The procedure in Listing 8.34 creates an entry in the doc table and returns the unique doc_id.
CREATE PROCEDURE dbo.rep_i_d @source t_source, @contributor_id t_user_id AS BEGIN INSERT doc (source, date_loaded, contributor_id) VALUES (@source, GETDATE(), @contributor_id) -- Result = doc_id SELECT @@identity AS value END GO
The procedure in Listing 8.35 creates an entry in the node table and returns the unique node_id. Note that at this stage, the document ID, type, and x index are known, but the y index is not (so it is not specified here).
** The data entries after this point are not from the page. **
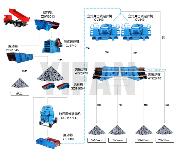 我國(guó)玄武巖資源眾多,因地而異。因此在配置設(shè)備時(shí),要把方案的耐磨性性放在主要位置。 以200mm以下玄武巖為例:物料在原料倉(cāng)經(jīng)由給料機(jī)、皮帶機(jī)輸送至1#振動(dòng)篩進(jìn)行預(yù)篩分,大于40mm的物料進(jìn)入圓錐破進(jìn)行破碎,5-40mm的進(jìn)入立式?jīng)_擊破碎機(jī)進(jìn)行破碎,0-5mm的進(jìn)入洗砂機(jī)清洗后直接出成品。圓錐破破碎后的產(chǎn)品上2#振動(dòng)篩篩分,大于40mm的返回圓錐破重新破碎,形成閉路循環(huán),小于40mm的進(jìn)入立式?jīng)_擊破破碎。立式?jīng)_擊破出來(lái)的料上3#振動(dòng)篩篩分,大于20mm的返回立式?jīng)_擊破進(jìn)行破碎,形成閉路循環(huán),小于20mm的物料經(jīng)由皮帶機(jī)輸送至成品料堆,根據(jù)原料的潔凈程度可考慮將0-5mm的物料送至洗砂機(jī)清洗。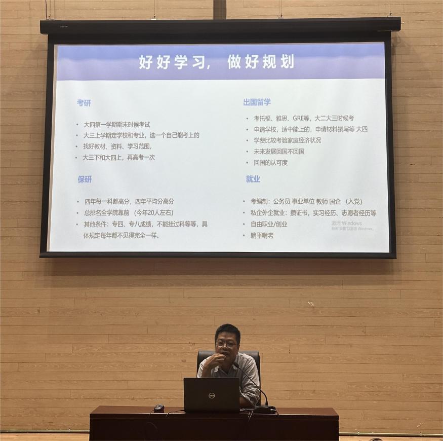 李云靖老师展示了翻译系丰富的教学资源和优秀的教育成果,针对不同学业规划进行了详细地解读,引导新生们结合自身实际,从大一开始打牢专业基础,朝着规划目标不懈努力。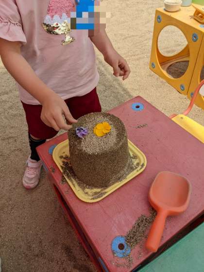 砂に水を混ぜて、ケーキ作りにチャレンジ。何度か崩れましたが、「もっと水を混ぜないと無理やわ!」と友達と話しながら、成功したケーキ!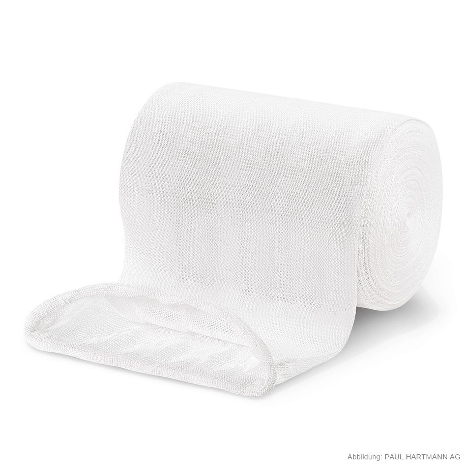 Nahtlos gestrickter Schlauchverband (70 % Viskose, 30 % Baumwolle) mit hoher Querdehnbarkeit, ohne Hilfsmittel einfach anzulegen, kann an jeder beliebigen Stelle durchtrennt werden, ohne dass Laufmaschen entstehen, faltenloser Sitz, durch geschlossene Oberfläche auch bei mechanischer Beanspruchung kein Lockern, sodass Wunden oder empfindliche Hautpartien zuverlässig geschützt werden, saugfähig, luftdurchlässig und sterilisierbar (Dampf A 134 °C).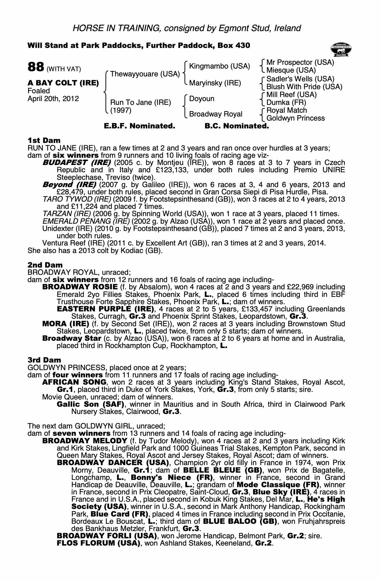 Consignor: Egmont Stud, Ireland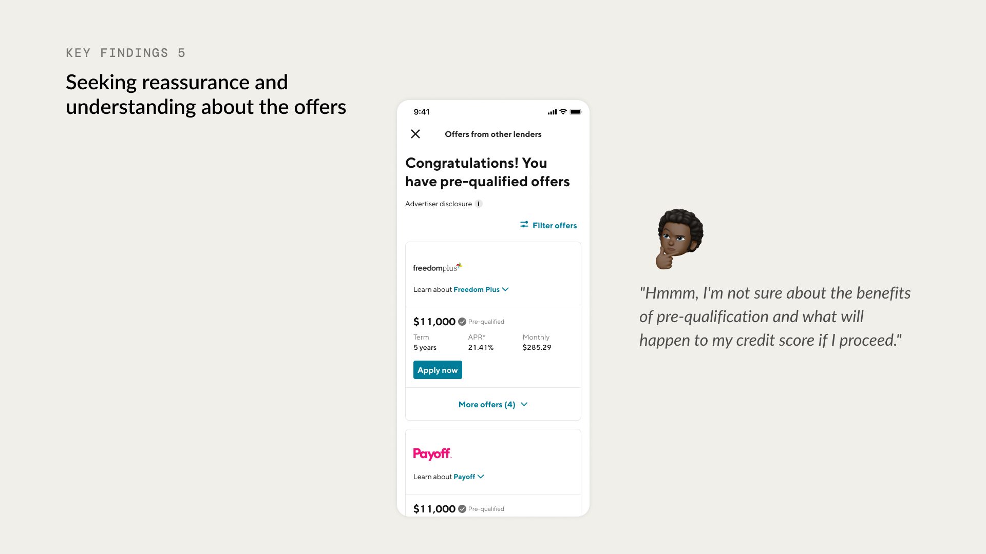 5. Seeking reassurance and understanding about the offers: Users need reassurance about the benefits of pre-qualification and the credit score impact when accepting offers.

CREATE PROCEDURE dbo.rep_i_n @x_index t_xy_index, @node_type_id t_node_type_id, @doc_id t_doc_id AS BEGIN INSERT node (doc_id, x, node_type_id) VALUES (@doc_id, @x_index, @node_type_id) -- Result = node_id SELECT @@identity AS value END GO
The procedure in Listing 8.36 inserts a row in the element_name table for an element node; the node_id refers back to the entry in the node table. The other parameters are the namespace prefix and the local name of the element.
CREATE PROCEDURE dbo.rep_i_en @node_id t_node_id, @ns_prefix t_ns_prefix, @local_name t_element_name AS INSERT element_name (node_id, ns_prefix, local_name) VALUES (@node_id, @ns_prefix, @local_name) GO
The procedure in Listing 8.37 inserts a row in the attribute_name table. Each entry has a reference back to the element_name entry (through node_id), a unique attribute ID (for this node), a namespace prefix, and a local name.
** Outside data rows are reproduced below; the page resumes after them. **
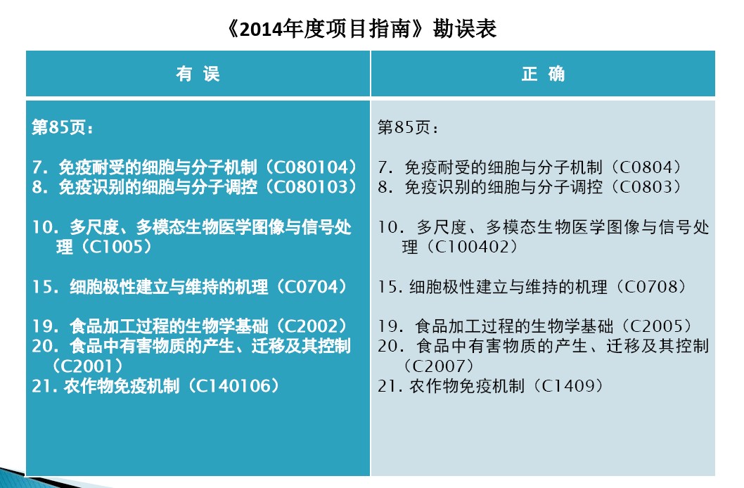 注意:请申请人认真阅读《2014年度国家自然科学基金项目指南》相关项目说明,并依据《2014年度国家自然科学基金项目形式审查明细表》逐项认真核查。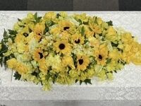 | 葬儀社の担当者コメント | 遺族の故人への愛情と、どこにいても幸せであってほしいという願いを込めた(ひまわり)一面のオーダーメイド祭壇をご希望いただきました。あたたかいご参列者に囲まれて愛情いっぱいのご葬儀とさせていただきました。同様にひまわりでお作りさせていただいた棺上花は、お式の後アレンジにお差し替えさせていただきご自宅にお持ち帰りいただきました。 |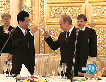 胡錦濤在發(fā)言時(shí)說(shuō):“雖然訪問(wèn)還沒(méi)有結(jié)束,但我感到,這次訪問(wèn)是成功的,已經(jīng)取得了重要成果!彼蜒(qǐng)普京總統(tǒng)在明年方便的時(shí)候訪問(wèn)中國(guó)。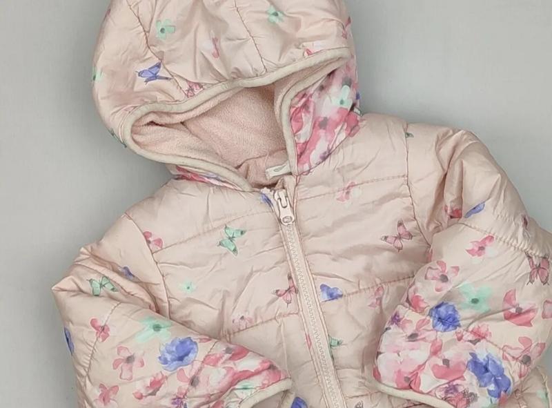 Возраст: 12-18 мес. Размер: 80-86 см Девчачья стеганая куртка с капюшоном, размер 86. Цвет: пудрово-розовый Узор: разноцветные бабочки и цветы по всей длине - Застежка: передняя молния Капюшон: несъемный, мягкая и теплая флисовая подкладка Внутренняя подкладка: флис для тепла и комфорта Карманы: два передних кармана, один с клапаном на кнопке Рукава обработаны нежной эластичной лентой для лучшей посадки Легко блестящий внешний материал, горизонтальная стеганая прострочка Идеально подходит для вашей малышки в холодные дни. Бренд: Benetton (етикетка видно). Размер 86
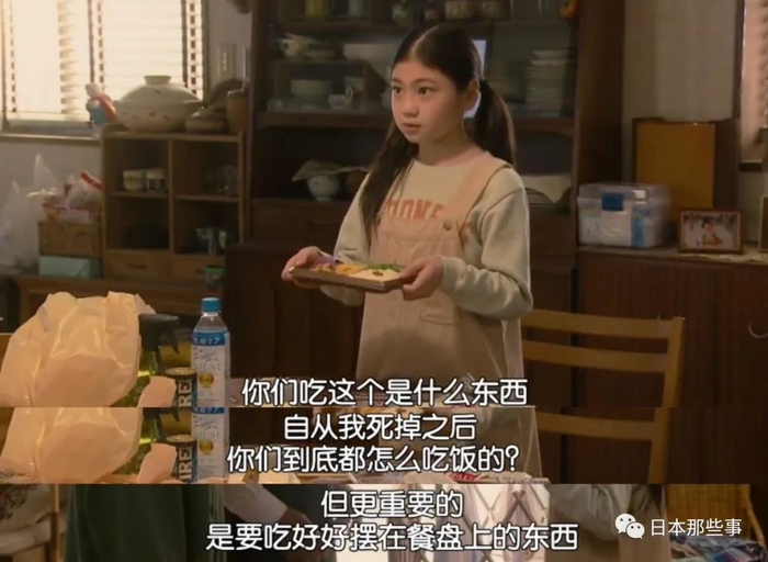 面对着家中堆积的垃圾和买回来的便当,小姑娘像家里女主人一样数落起圭介的不是。
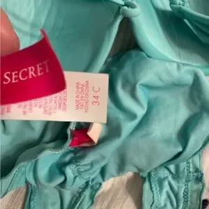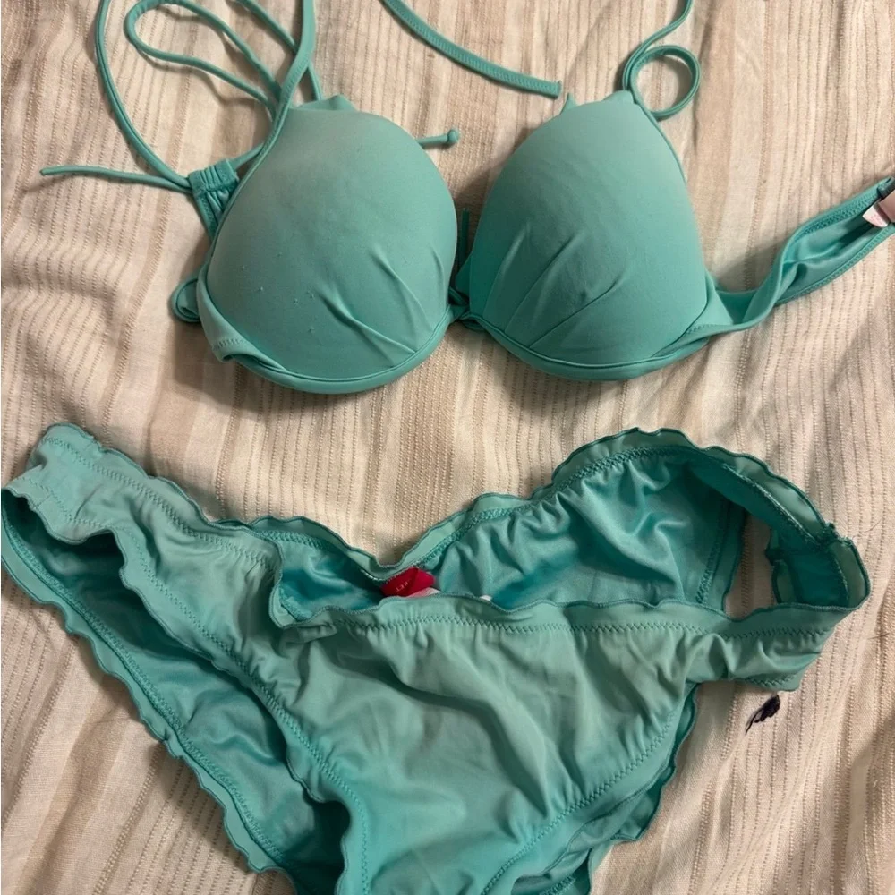 Victoria’s Secret bikini. Top has underwire. Only flaw is the pilling on the top (shown in pics) bottoms are large and top is a 34C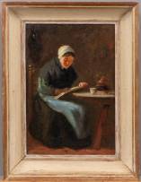 Schilderij: lezende vrouw aan tafel, olieverf op doek, niet gesigneerd, 34,5 × 23,5 cm

CREATE PROCEDURE dbo.rep_i_an @node_id t_node_id, @attribute_id t_seq_no, @ns_prefix t_ns_prefix, @local_name t_attribute_name AS INSERT attribute_name (node_id, attribute_id, ns_prefix, local_name) VALUES (@node_id, @attribute_id, @ns_prefix, @local_name) GO
The procedure in Listing 8.38 inserts a row in the attribute_value_leaf table; each entry has a reference back to the attribute_name table (through node_id and attribute_id). Long values will be split across leaves, each with a unique leaf_id (for the specified attribute).
CREATE PROCEDURE dbo.rep_i_avl @node_id t_node_id, @attribute_id t_seq_no, @leaf_id t_leaf_id, @leaf_text t_leaf_text AS INSERT attribute_value_leaf (node_id, attribute_id, leaf_id, leaf_text) VALUES (@node_id, @attribute_id, @leaf_id, @leaf_text) GO
The procedure in Listing 8.39 inserts a row in the cdata_leaf table. Again, long values will be split across leaves.
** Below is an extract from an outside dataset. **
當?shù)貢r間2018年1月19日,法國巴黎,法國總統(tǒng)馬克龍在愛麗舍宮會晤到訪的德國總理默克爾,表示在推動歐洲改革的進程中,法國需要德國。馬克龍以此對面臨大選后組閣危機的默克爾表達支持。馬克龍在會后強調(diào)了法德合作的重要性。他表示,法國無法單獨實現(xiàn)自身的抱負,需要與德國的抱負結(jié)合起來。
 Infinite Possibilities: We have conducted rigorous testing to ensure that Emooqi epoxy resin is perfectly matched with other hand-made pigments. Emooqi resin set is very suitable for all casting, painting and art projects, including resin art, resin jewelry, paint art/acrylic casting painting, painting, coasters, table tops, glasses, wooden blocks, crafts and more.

CREATE PROCEDURE dbo.rep_i_cdl @node_id t_node_id, @leaf_id t_leaf_id, @leaf_text t_leaf_text AS INSERT cdata_leaf (node_id, leaf_id, leaf_text) VALUES (@node_id, @leaf_id, @leaf_text) GO
The procedure in Listing 8.40 inserts a row representing a leaf in the comment_leaf table.
CREATE PROCEDURE dbo.rep_i_cl @node_id t_node_id, @leaf_id t_leaf_id, @leaf_text t_leaf_text AS INSERT comment_leaf (node_id, leaf_id, leaf_text) VALUES (@node_id, @leaf_id, @leaf_text) GO
The procedure in Listing 8.41 inserts a row in the entity_reference table.
CREATE PROCEDURE dbo.rep_i_er @node_id t_node_id, @entity_name t_entity_ref AS INSERT entity_reference (node_id, entity_name) VALUES (@node_id, @entity_name) GO
The procedure in Listing 8.42 inserts a row in the pi_data_leaf table.
CREATE PROCEDURE dbo.rep_i_pidl @node_id t_node_id, @leaf_id t_leaf_id, @leaf_text t_leaf_text AS INSERT pi_data_leaf (node_id, leaf_id, leaf_text) VALUES (@node_id, @leaf_id, @leaf_text) GO
The procedure in Listing 8.43 inserts a row in the pi_target_leaf table.
CREATE PROCEDURE dbo.rep_i_pitl @node_id t_node_id, @leaf_id t_leaf_id, @leaf_text t_leaf_text AS INSERT pi_target_leaf (node_id, leaf_id, leaf_text) VALUES (@node_id, @leaf_id, @leaf_text) GO
The procedure in Listing 8.44 inserts a row in the text_leaf table.
CREATE PROCEDURE dbo.rep_i_tl @node_id t_node_id, @ignorable BIT, @leaf_id t_leaf_id, @leaf_text t_leaf_text AS INSERT text_leaf (node_id, leaf_id, leaf_text, ignorable) VALUES (@node_id, @leaf_id, @leaf_text, @ignorable) GO
The procedure in Listing 8.45 returns the last value of leaf_id from the cdata_leaf table for the specified node.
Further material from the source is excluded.